Collection entries
*** Block opens ***

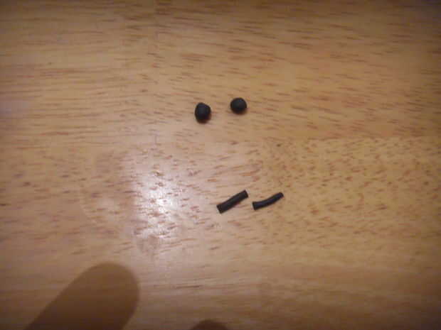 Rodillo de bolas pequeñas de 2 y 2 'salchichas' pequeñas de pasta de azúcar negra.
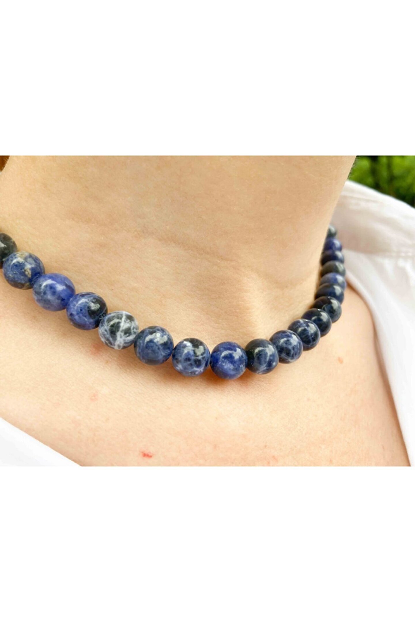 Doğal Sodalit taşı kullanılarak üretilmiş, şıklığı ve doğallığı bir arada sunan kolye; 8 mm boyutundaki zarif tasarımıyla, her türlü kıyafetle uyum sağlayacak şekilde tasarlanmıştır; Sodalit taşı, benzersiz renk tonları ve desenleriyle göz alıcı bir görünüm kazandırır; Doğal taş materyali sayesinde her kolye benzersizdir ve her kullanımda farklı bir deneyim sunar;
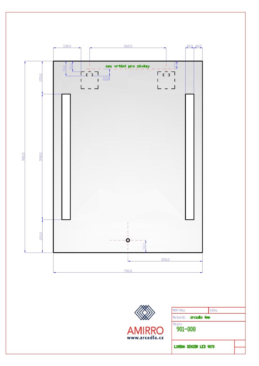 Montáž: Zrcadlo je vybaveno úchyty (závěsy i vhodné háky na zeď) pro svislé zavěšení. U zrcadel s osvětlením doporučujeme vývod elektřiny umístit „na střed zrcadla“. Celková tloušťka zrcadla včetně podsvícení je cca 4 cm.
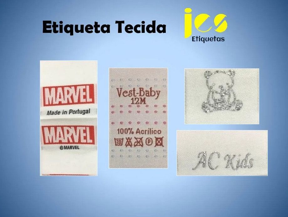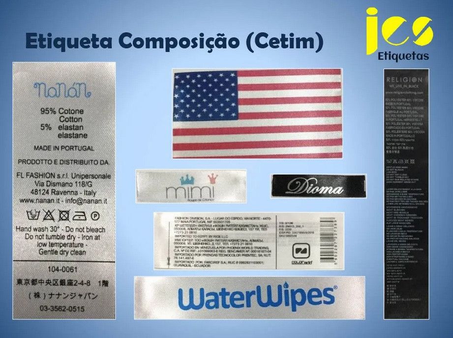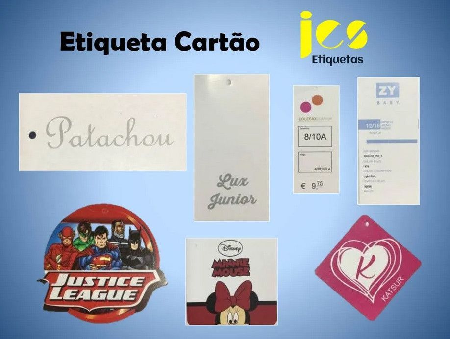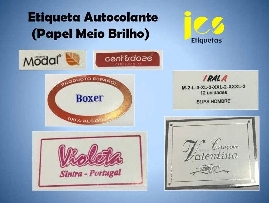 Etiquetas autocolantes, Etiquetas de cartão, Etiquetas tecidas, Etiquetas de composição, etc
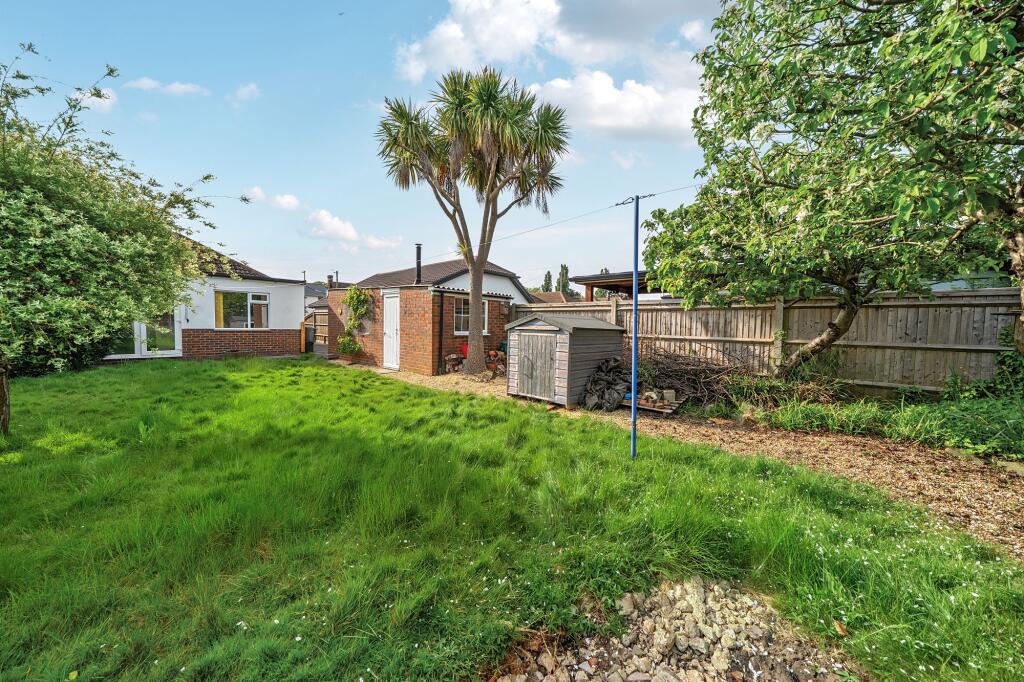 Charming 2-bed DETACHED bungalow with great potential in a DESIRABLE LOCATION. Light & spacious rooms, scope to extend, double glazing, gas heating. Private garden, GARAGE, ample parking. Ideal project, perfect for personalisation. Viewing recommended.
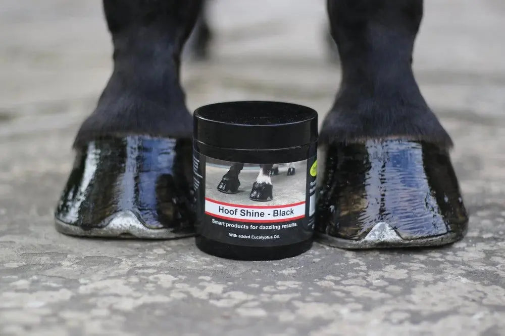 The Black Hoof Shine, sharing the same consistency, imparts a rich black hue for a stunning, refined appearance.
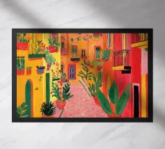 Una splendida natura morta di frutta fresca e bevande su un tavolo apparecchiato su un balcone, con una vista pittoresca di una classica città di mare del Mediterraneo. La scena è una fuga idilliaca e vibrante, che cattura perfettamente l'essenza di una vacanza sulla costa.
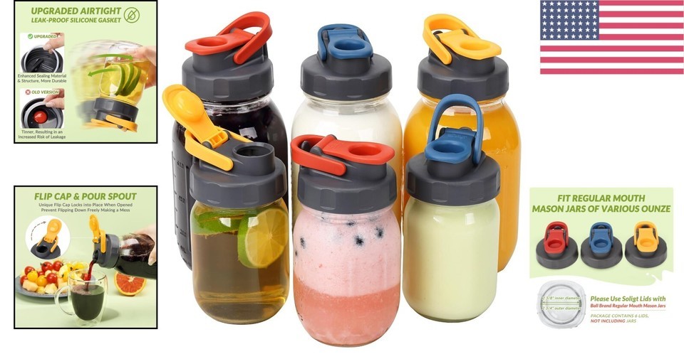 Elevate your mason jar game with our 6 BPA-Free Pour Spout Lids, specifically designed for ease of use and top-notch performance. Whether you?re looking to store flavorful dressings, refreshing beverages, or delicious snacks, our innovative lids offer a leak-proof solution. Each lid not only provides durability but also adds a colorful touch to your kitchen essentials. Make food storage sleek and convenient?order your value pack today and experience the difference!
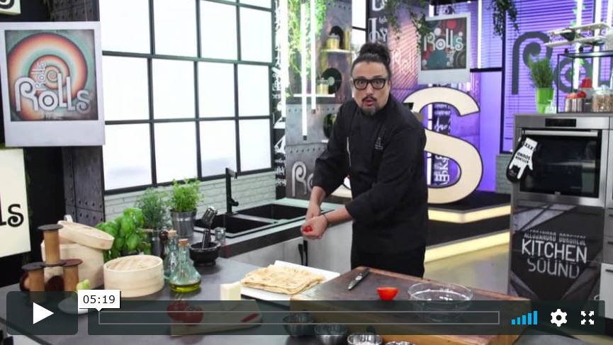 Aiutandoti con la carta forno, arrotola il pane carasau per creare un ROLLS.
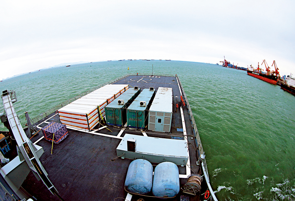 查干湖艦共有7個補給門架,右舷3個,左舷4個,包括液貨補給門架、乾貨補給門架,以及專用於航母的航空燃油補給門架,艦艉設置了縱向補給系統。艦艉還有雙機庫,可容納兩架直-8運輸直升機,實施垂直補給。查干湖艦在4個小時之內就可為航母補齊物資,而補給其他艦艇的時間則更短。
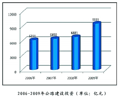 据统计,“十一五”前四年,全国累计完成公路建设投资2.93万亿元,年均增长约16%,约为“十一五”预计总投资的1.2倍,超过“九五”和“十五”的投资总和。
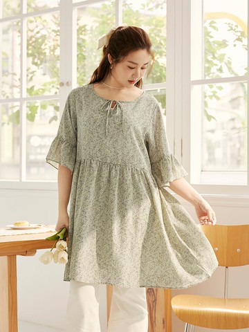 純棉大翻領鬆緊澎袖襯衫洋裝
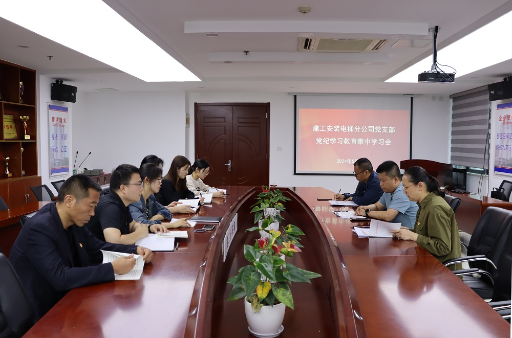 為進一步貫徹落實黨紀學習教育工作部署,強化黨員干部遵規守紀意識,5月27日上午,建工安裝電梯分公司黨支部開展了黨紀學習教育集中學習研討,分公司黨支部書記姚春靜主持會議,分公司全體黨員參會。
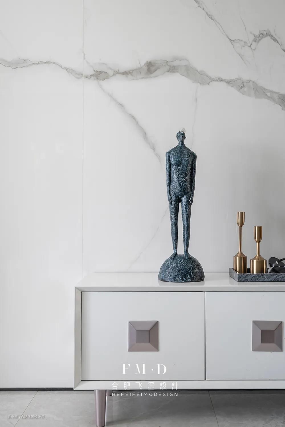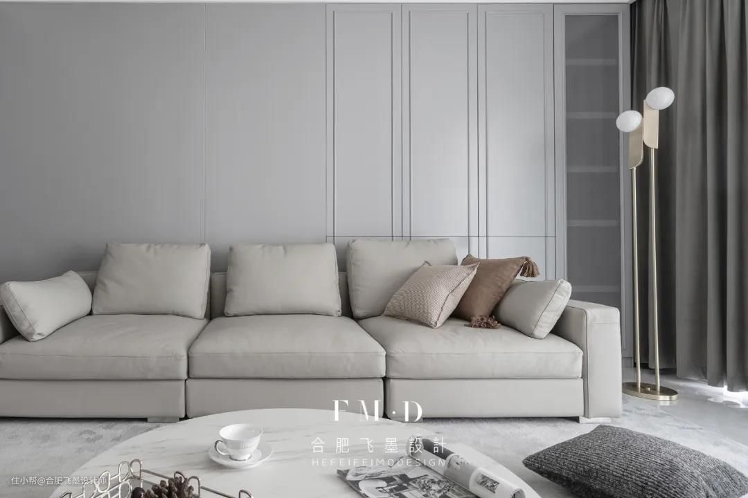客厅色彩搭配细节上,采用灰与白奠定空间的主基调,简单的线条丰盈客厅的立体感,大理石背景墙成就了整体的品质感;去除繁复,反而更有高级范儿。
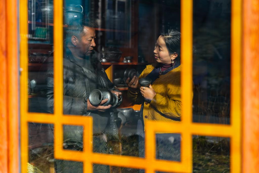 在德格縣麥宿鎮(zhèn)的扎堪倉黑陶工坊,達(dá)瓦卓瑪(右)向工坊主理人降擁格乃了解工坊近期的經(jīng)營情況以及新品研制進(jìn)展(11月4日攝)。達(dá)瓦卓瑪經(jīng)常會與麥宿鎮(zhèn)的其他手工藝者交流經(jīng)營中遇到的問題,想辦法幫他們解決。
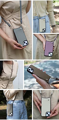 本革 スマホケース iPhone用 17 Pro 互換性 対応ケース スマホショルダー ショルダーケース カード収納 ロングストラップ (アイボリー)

*** Block closes ***

## Problem details
Quote the entries in full. Any image among them is to be omitted from the copy.

## Solution to this task
 Rodillo de bolas pequeñas de 2 y 2 'salchichas' pequeñas de pasta de azúcar negra.
 Doğal Sodalit taşı kullanılarak üretilmiş, şıklığı ve doğallığı bir arada sunan kolye; 8 mm boyutundaki zarif tasarımıyla, her türlü kıyafetle uyum sağlayacak şekilde tasarlanmıştır; Sodalit taşı, benzersiz renk tonları ve desenleriyle göz alıcı bir görünüm kazandırır; Doğal taş materyali sayesinde her kolye benzersizdir ve her kullanımda farklı bir deneyim sunar;
 Montáž: Zrcadlo je vybaveno úchyty (závěsy i vhodné háky na zeď) pro svislé zavěšení. U zrcadel s osvětlením doporučujeme vývod elektřiny umístit „na střed zrcadla“. Celková tloušťka zrcadla včetně podsvícení je cca 4 cm.
 Etiquetas autocolantes, Etiquetas de cartão, Etiquetas tecidas, Etiquetas de composição, etc
 Charming 2-bed DETACHED bungalow with great potential in a DESIRABLE LOCATION. Light & spacious rooms, scope to extend, double glazing, gas heating. Private garden, GARAGE, ample parking. Ideal project, perfect for personalisation. Viewing recommended.
 The Black Hoof Shine, sharing the same consistency, imparts a rich black hue for a stunning, refined appearance.
 Una splendida natura morta di frutta fresca e bevande su un tavolo apparecchiato su un balcone, con una vista pittoresca di una classica città di mare del Mediterraneo. La scena è una fuga idilliaca e vibrante, che cattura perfettamente l'essenza di una vacanza sulla costa.
 Elevate your mason jar game with our 6 BPA-Free Pour Spout Lids, specifically designed for ease of use and top-notch performance. Whether you?re looking to store flavorful dressings, refreshing beverages, or delicious snacks, our innovative lids offer a leak-proof solution. Each lid not only provides durability but also adds a colorful touch to your kitchen essentials. Make food storage sleek and convenient?order your value pack today and experience the difference!
 Aiutandoti con la carta forno, arrotola il pane carasau per creare un ROLLS.
 查干湖艦共有7個補給門架,右舷3個,左舷4個,包括液貨補給門架、乾貨補給門架,以及專用於航母的航空燃油補給門架,艦艉設置了縱向補給系統。艦艉還有雙機庫,可容納兩架直-8運輸直升機,實施垂直補給。查干湖艦在4個小時之內就可為航母補齊物資,而補給其他艦艇的時間則更短。
 据统计,“十一五”前四年,全国累计完成公路建设投资2.93万亿元,年均增长约16%,约为“十一五”预计总投资的1.2倍,超过“九五”和“十五”的投资总和。
 純棉大翻領鬆緊澎袖襯衫洋裝
 為進一步貫徹落實黨紀學習教育工作部署,強化黨員干部遵規守紀意識,5月27日上午,建工安裝電梯分公司黨支部開展了黨紀學習教育集中學習研討,分公司黨支部書記姚春靜主持會議,分公司全體黨員參會。
客厅色彩搭配细节上,采用灰与白奠定空间的主基调,简单的线条丰盈客厅的立体感,大理石背景墙成就了整体的品质感;去除繁复,反而更有高级范儿。
 在德格縣麥宿鎮(zhèn)的扎堪倉黑陶工坊,達(dá)瓦卓瑪(右)向工坊主理人降擁格乃了解工坊近期的經(jīng)營情況以及新品研制進(jìn)展(11月4日攝)。達(dá)瓦卓瑪經(jīng)常會與麥宿鎮(zhèn)的其他手工藝者交流經(jīng)營中遇到的問題,想辦法幫他們解決。
 本革 スマホケース iPhone用 17 Pro 互換性 対応ケース スマホショルダー ショルダーケース カード収納 ロングストラップ (アイボリー)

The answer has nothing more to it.